10.4236/jacen.2017.61004

Application of Antimicrobial Microcapsules on Agrotextiles

Marcela Ferrándiz1, Lucia Capablanca1, David García2, Ma Ángeles Bonet3

1Instituto Tecnológico Aitex, Alcoy, Spain

2Instituto de Tecnología de Materiales (ITM), Departamento de Ingeniería Mecánica y de Materiales, Universitat Politècnica de València, Alcoy, Spain

3Departamento de Ingeniería Textil y Papelera, Universitat Politècnica de València, Alcoy, Spain

Copyright © 2017 by authors and Scientific Research Publishing Inc.

This work is licensed under the Creative Commons Attribution International License (CC BY 4.0).

http://creativecommons.org/licenses/by/4.0/

Received: November 28, 2016; Accepted: January 21, 2017; Published: January 24, 2017

ABSTRACT

The aim of this work was to develop a functional biodegradable nonwoven with antimicrobial microcapsules maintaining the stability and biodegradability of the nonwoven for use in agriculture applications. The nonwoven was obtained using hemp fibers by Wetlaid technology. Microcapsules were prepared by co-extrusion/gelling method with alginate as shell and oregano oil as core material. The microcapsules were developed to protect and control release of oregano oil. Microcapsules were incorporated on the nonwoven by coating method using a natural polymer as a graft material. After incorporating microcapsules, the nonwoven was subjected to several tests in order to determinate the microcapsules fixation and their functionality. The nonwovens were characterized for their antimicrobial activity against different kinds of bacteria and fungi. Nonwoven loaded with microcapsules was found to show good antimicrobial activity in comparison with nonwoven that was not loaded with microcapsules.

Keywords:

Microcapsules, Oregano Oil, Co-Extrusion and Gelling, Coating, Hemp Agrotextil and Antimicrobial Activity

1. Introduction

Agrotextiles are a kind of engineering textiles used in the agriculture, horticulture, gardening and construction. Depending on the final application, the composition, production method and properties change.

Erosion Control Blanket (ECB) is a kind of agrotextile. It is aimed at strengthening the soil. It is composed by a high percentage of biodegradable natural fibers. The vegetable waste pruning can be processed by Wetlaid technology to obtain nonwoven for different applications of ECB or composites [1] .

The Wetlaid is a processing technique highly used in the paper and textile industry for nonwoven formation. In the case of nonwoven textiles, it is possible to obtain nonwoven structures based on different base components both raw and waste materials so that it is possible to mix a base natural fibre with a binding fibre to provide cohesion after a thermo-bonding process [2] [3] [4] . The Wetlaid process, which uses highly diluted fibre-water dispersions, is an eco-friendly process since, although it consumes high water amounts, all the water is recirculated as it only acts as the fibre carrier component so that, almost all water is recovered in the hydroformer station in which nonwoven formation occurs [5] .

The nonwoven or ECB can have an increase in its functional properties for agriculture by microcapsules incorporation.

Microencapsulation is a technology that allows sensitive materials to be physically enveloped in a protective “wall material”, in order to protect these ingredients or “core” materials, from adverse reactions, volatile loss, weathering, etc. The selection of wall material for each core material is important; i.e., carbohydrates such as maltodextrins [6] [7] [8] [9] , starches [10] [11] , Arabic gum [12] [13] , alginate [14] [15] , chitosan [16] [17] , or mixtures thereof [18] [19] [20] [21] , etc., have been all widely used as encapsulation agents.
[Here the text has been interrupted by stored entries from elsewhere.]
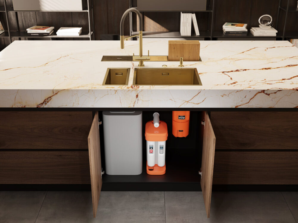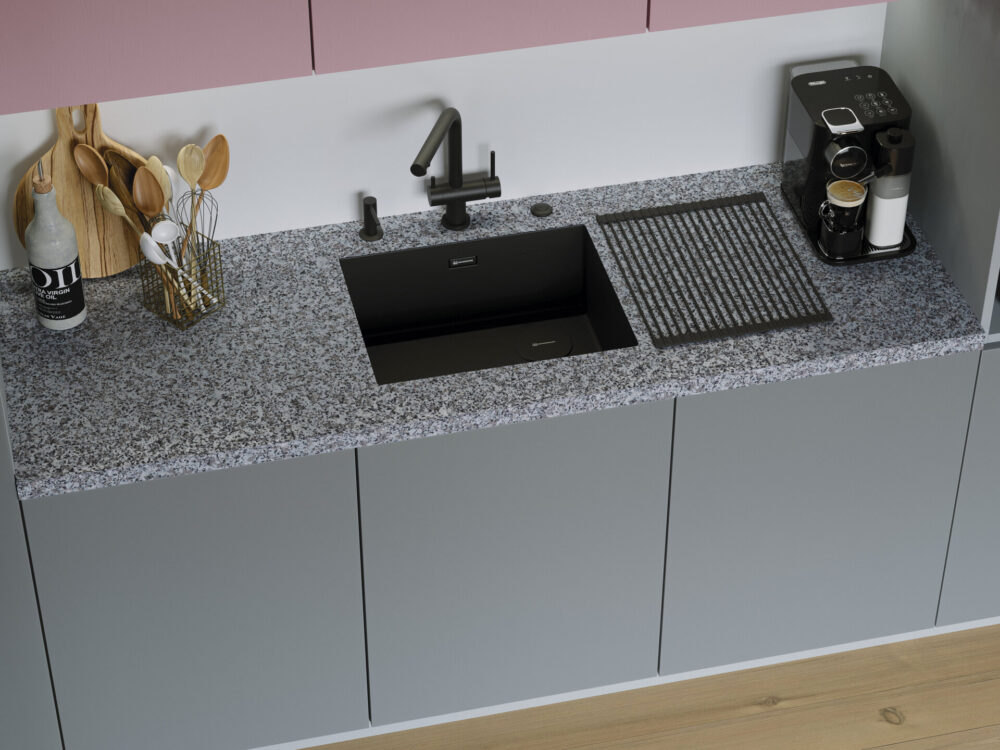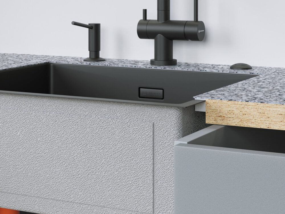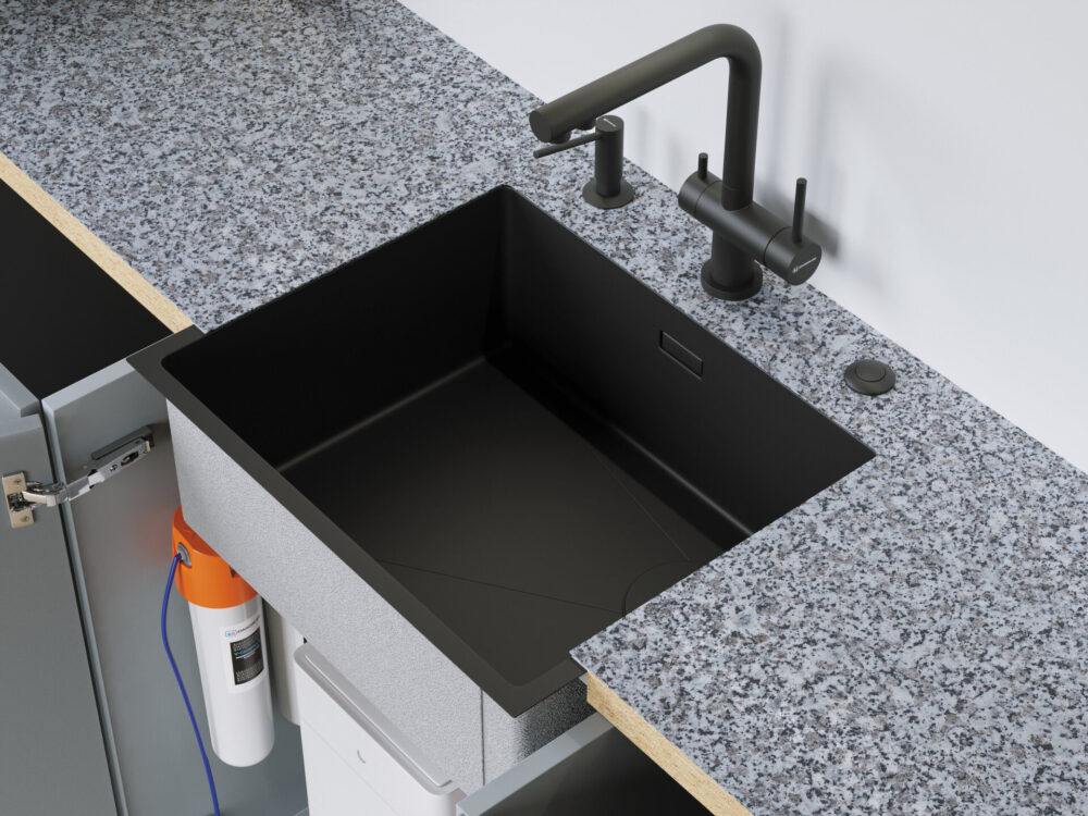 Отличительной особенностью этой модели является выпуск, размещенный сбоку от мойки. Такой дизайн позволит освободить место под мойкой для эргономичного размещения системы хранения, фильтра, измельчителя и других элементов.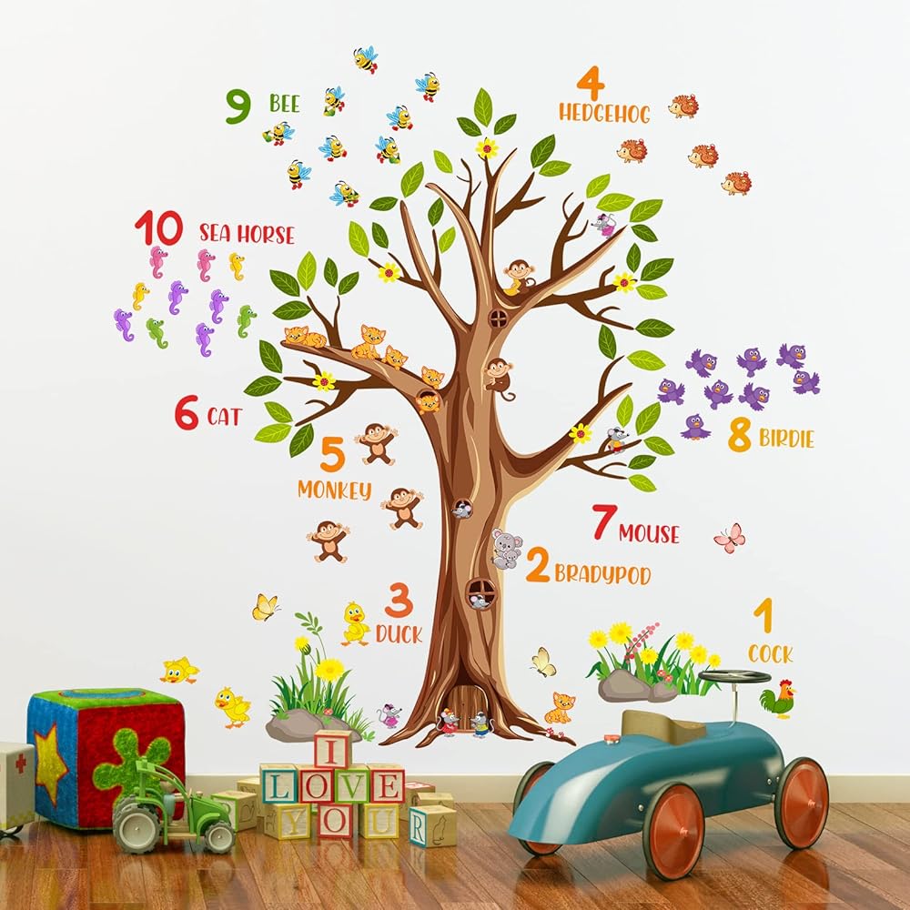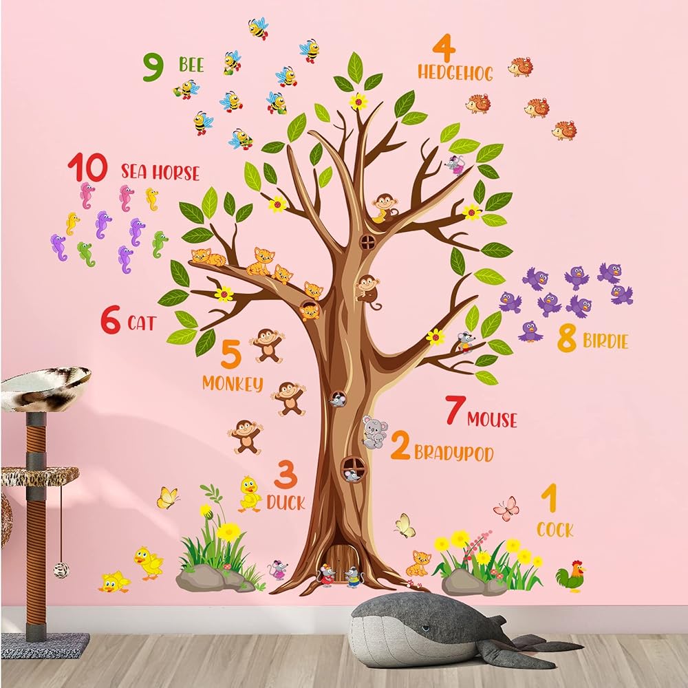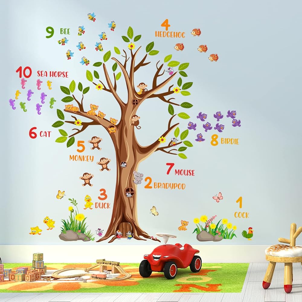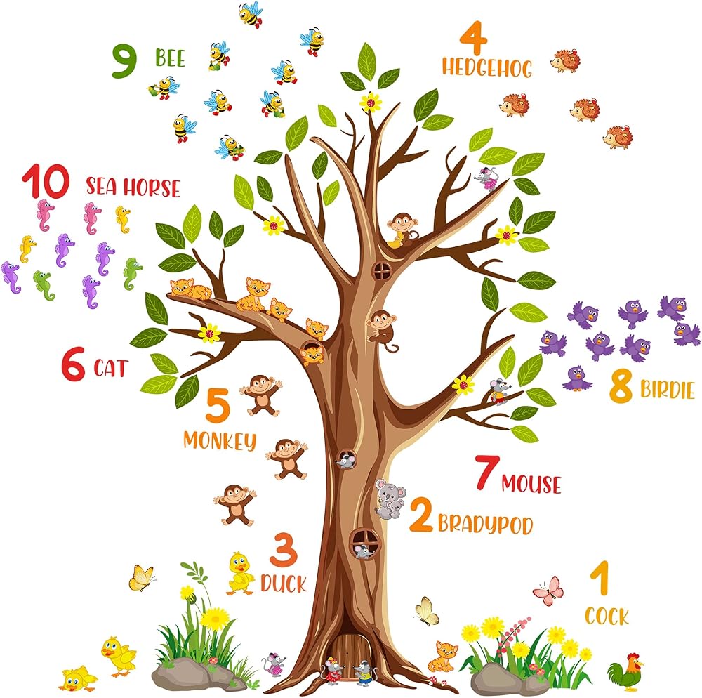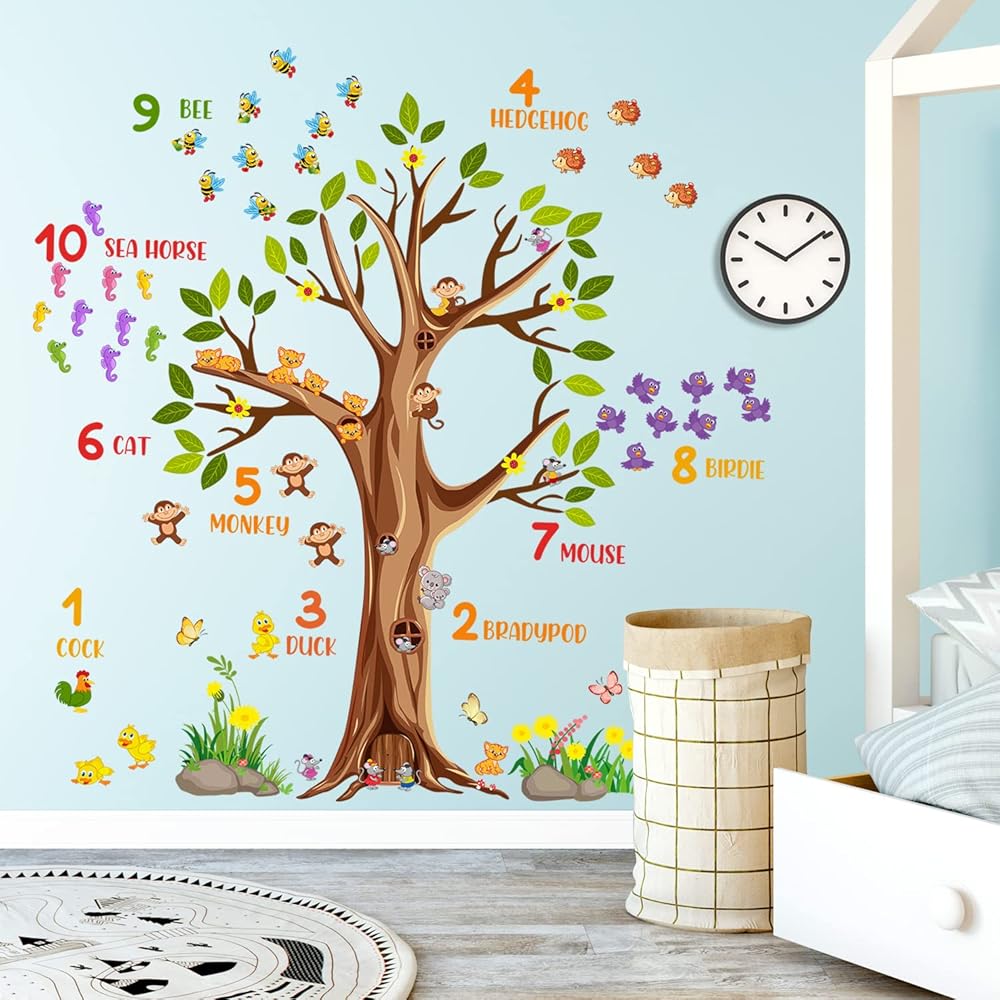 Large brown tree wall sticker digital mumber jungle forest animals green tree branches wall decals are positive and educational for kids, come and show!Specification:Material: VinylColor: ColorfulPackage: Including 2 piece of sheetsEach Sheet Size: 12inch x 36inch/30cm x 90cmFeatures:1.Easy to apply, removable, durable, pressure resistance, shock resistance, waterproof.2.It can be applied to any smooth , clean and dry surface of walls, tiles, glass, furniture, etc. NOT suitable for dirty or rough surface.3.Removable, Repositionable without leaving marks & sticky residue.How To Use:-Choose a smooth, clean and dry surface. Peel the stickers from the sheet one by one.-Peel off the sticker from the sheet and carefully paste it on the surface of your choice to be decorated. You can follow the steps in the picture, or you can stitch pictures according to your preferences.-If for any reason you choose to remove your decals, they can be lifted and peeled away easily, without leaving any residue or sticky mess and without the need for redecorating!Please Note:1.Ensure the surface is smooth, do not stick on the rough or uneven surface.2.Choose the place you want to apply, clean up the ash and grease, keep it dry and clean.3.Due to manual measurement, a measurement error of 1-3cm is allowed within the normal range.4.Due to factors such as lighting effects and the brightness/contrast settings of the monitor, the color tone of the website photos and actual items may be slightly different. Thanks for your understanding!About After-sale:In RAINBOW WSK store, we are committed to provide perfect products and services in the wall decoration stickers categories, if you have any problem, we will do our best to solve the problem for you.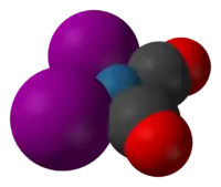 مدل فضاپرکن [Ir(CO)2I2]− کاتالیزوری که در فرایند کاتیوا مورد استفاده قرار می گیرد.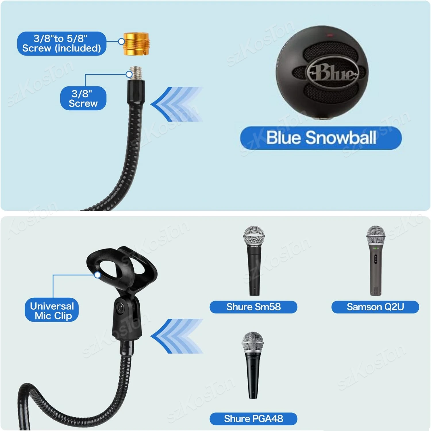 Comprar Soporte de brazo de micrófono de escritorio, cuello de cisne Flexible, soporte de teléfono para bola de nieve azul, hielo SM58, PGA48, Samson A6V, K669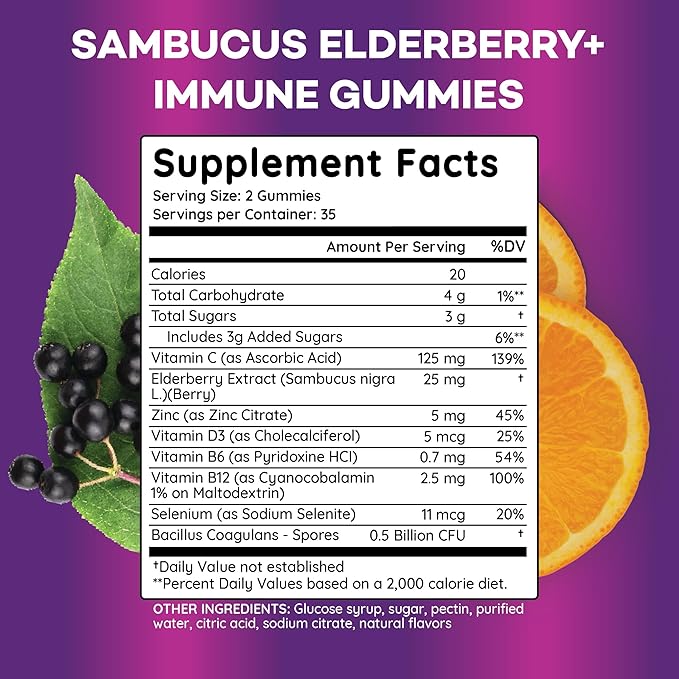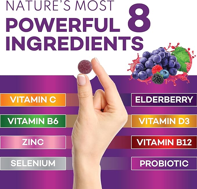 - Delicious and Convenient: Enjoy the delightful raspberry flavor of our Elderberry gummies while benefiting from the antioxidant-rich elderberry extract, vitamin C, vitamin B6, vitamin B12, vitamin D3, zinc, selenium, and probiotics, providing daily immune support in a tasty and easy-to-take form.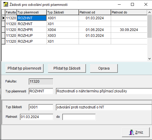 * Při vkládání nových záznamů (ručním zadáním kódu) se kontroluje existence kódu v číselníku, možnost použít pro odvolání, jedinečnost záznamu pro stejnou fakultu, písemnost a žádost.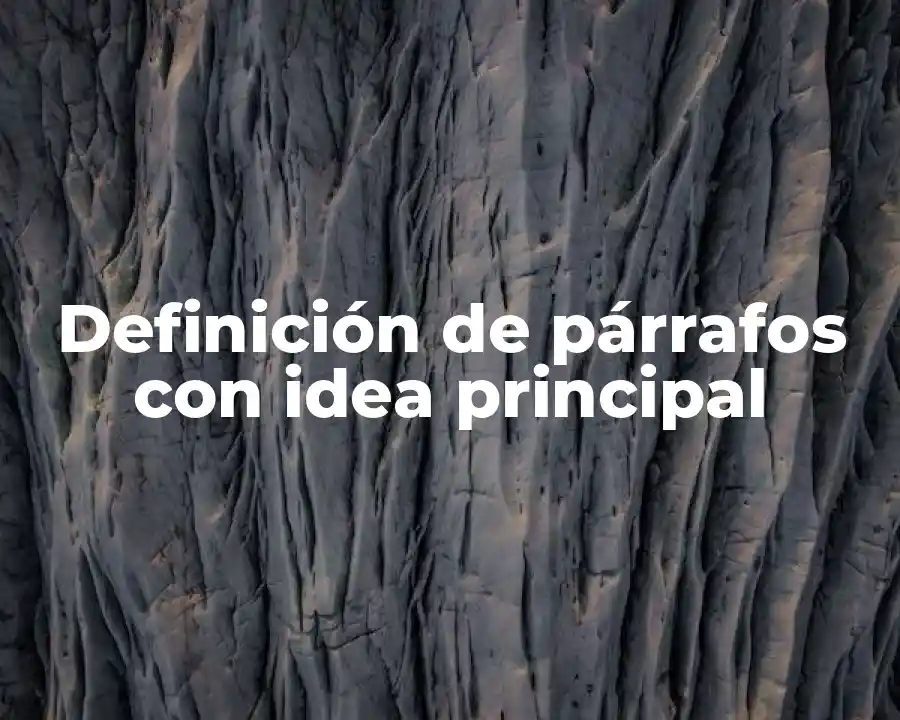 El término párrafo con idea principal se refiere a una estructura que se utiliza para presentar una idea o tema central y desarrollarla a través de varias oraciones relacionadas. Se debe usar un párrafo con idea principal en una oración para presentar una idea o tema central y desarrollarla a través de varias oraciones relacionadas.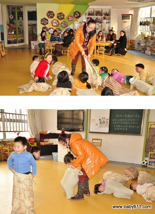 (1)不套袋子幼儿探索各种爬法,教师重点强调两种爬的动作要领。(手膝着地的爬法、肘膝着地伸缩爬法)(2)老师用儿歌引导幼儿套上布袋,变成虫宝宝,进行各种爬得练习。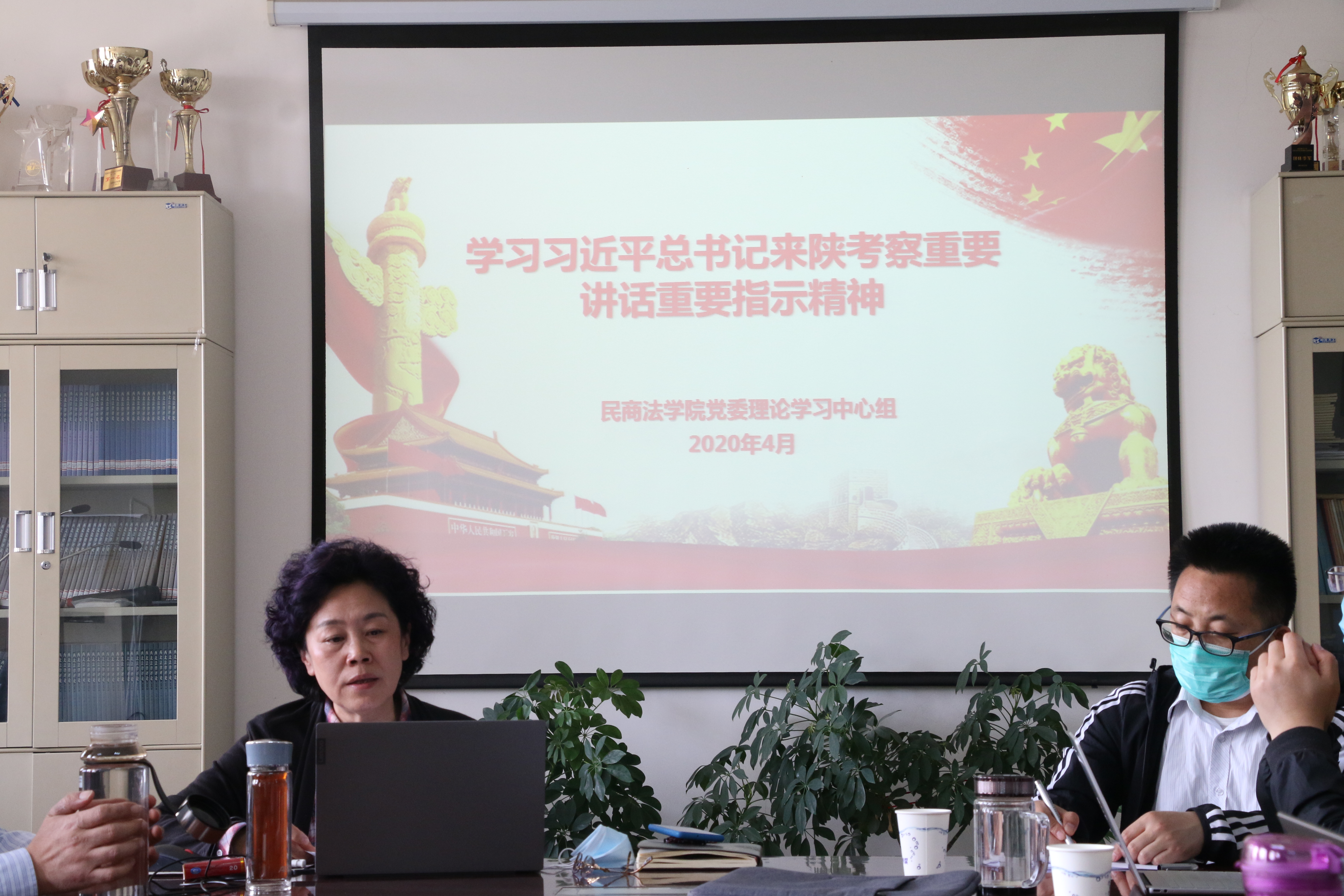 4月28日下午,香香腐宅 党委书记讲授专题“云党课”暨集体学习习近平总书记来陕考察重要讲话重要指示精神专题会议在学院资料室召开。会议采取线上线下相结合的方式进行,学院班子成员和管理干部及辅导员现场参会,全体教师党员通过腾讯会议连线参加。会议由学院党委书记周怡主持。
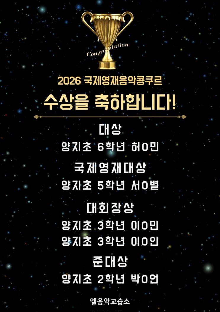 [안산양지초피아노] 2026 안산 국제영재콩쿠르 전원 수상을 축하합니다!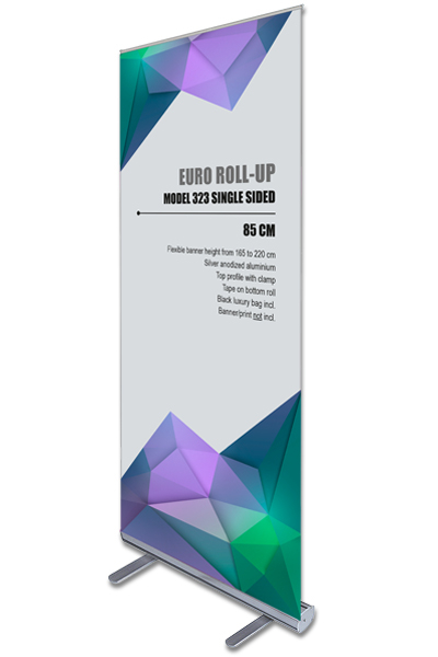 Euro Roll-up, enkeltsidet Enkeltsidet roll-up i solid konstruktion med variabel højde. Udført i kraftig sølv-eloxeret aluminium med to fødder. Topprofil med klemliste samt tape på bundrulle gør det let at montere banneret. Ved udskiftning af budskab skal ny tape monteres på bundrulle. Inkl. sort luksustaske. Pakket med 6 stk. pr. karton
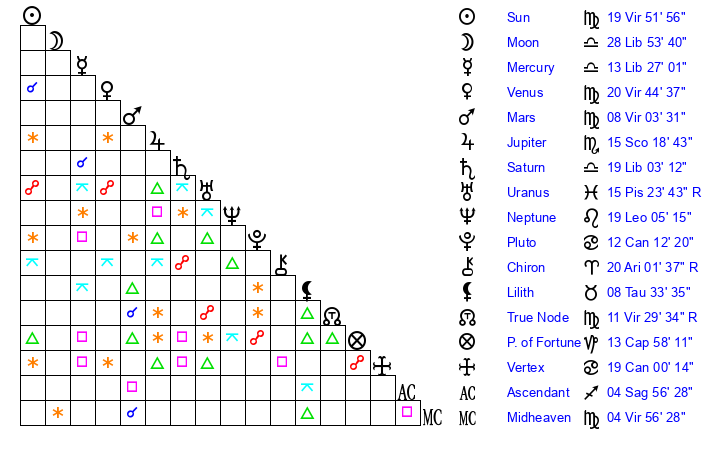 | Saturn | 19 Libra 38 | 28 Pisces 58 | 0 Scorpio 56 |

Biopolymers, like alginate, are used as encapsulating materials in several applications, more commonly, in food and pharmaceutical applications. This polymer is not supposed to affect the encapsulated compound activity [22] ; it shows high toughness and it has considerable effects on the mechanical stability of beads [23] .

Many essential oils, such as garlic, oregano, cinnamon, thyme, basil, eucalyp- tus, rosemary, peppermint, etc., have been demonstrated to show antimicrobial activity [23] . Therefore, these natural products are an alternative to replace synthetic chemical pesticides [24] .

The biological activity of these oils can be lost by volatilization of active components or their degradation by act of high temperatures, oxidation and UV light [25] . These disadvantages make the commercial application of these oils limited.

Microencapsulation, as one of the most efficient methods for the protection of essential oils, has to be employed for controlling the release of active ingredients and protecting them from the external environment.

Many researches are done on microencapsulation of essential oils using several methods including spray-drying, simple coacervation, complex coacervation, co-extrusion/gelling, supercritical fluid precipitation, etc. [23] . Co-extrusion/gel- ling is considered as one of the most common approaches of microencapsulation [26] . This process happens when a fluid flows in laminar state and breaks into droplets of a same size through an overlapped vibration. Then these drops transform into a gel in an ionic solution, resulting in the encapsulation of the active ingredient (Core) with a polymer (Shell) [27] [28] .

There are several methods for applying microcapsules in agrotextiles, like padding, bath exhaustion, printing, coating, etc. In all of them, the microca- psule’s shell is not usually an agent that can react with the fibers, so it is necessary to make them adhere to the fiber by means of a resin, otherwise they will be lost [29] .

In the textile industry, the most common resins are: acrylics, polyurethanes, silicones, etc., all of them are synthetic, and for agriculture application are not suitable due to their low degradability. Biodegradable polymers, like chitosan, become an alternative to the use instead of chemicals [30] .

Chitosan is a natural biopolymer that is derived from chitin by chemical, electrochemical or enzymatic methods [32] . It has unique properties that make it very interesting for medical, agricultural and food applications. It has high antimicrobial activity [31] ; It is biocompatible [32] ; nontoxic [33] ; strengthens the plants [34] and; it has functional properties as a dietary supplement [35] among others.

Besides, chitosan has the ability to form hydrogels, dimensional polymeric networks with high water absorption capacity [27] , which is very interesting from agricultural point of view.

In the last years, a growing interest on the use of biobased materials or materials from renewable resources has been detected. This interest has also arrived to technical sectors such as agriculture. Therefore, the use of natural and renewable materials for the control of erosion in the soil [36] , the use of the molecules with biological activity to control the microorganisms [37] and the use of natural biopolymer to functionalized agricultural systems [38] [39] open a wide range of possibilities from the point of view of sustainable agriculture.

The aim of the present study is to develop a functional and biodegradable ECB for agriculture applications. For that, the first task is the revalorization of hemp wastes in textile nonwoven industry using the wetlaid technology to obtain an ECB. To provide high cohesion on nonwovens, different binder fibers have been used: Lyocellfibre and PLA fiber.

The second task is the microencapsulation oregano essential oil by co-extru- sion/gelling method using alginate as shell material. The main chemical thermal and functional properties are determined by standardized test.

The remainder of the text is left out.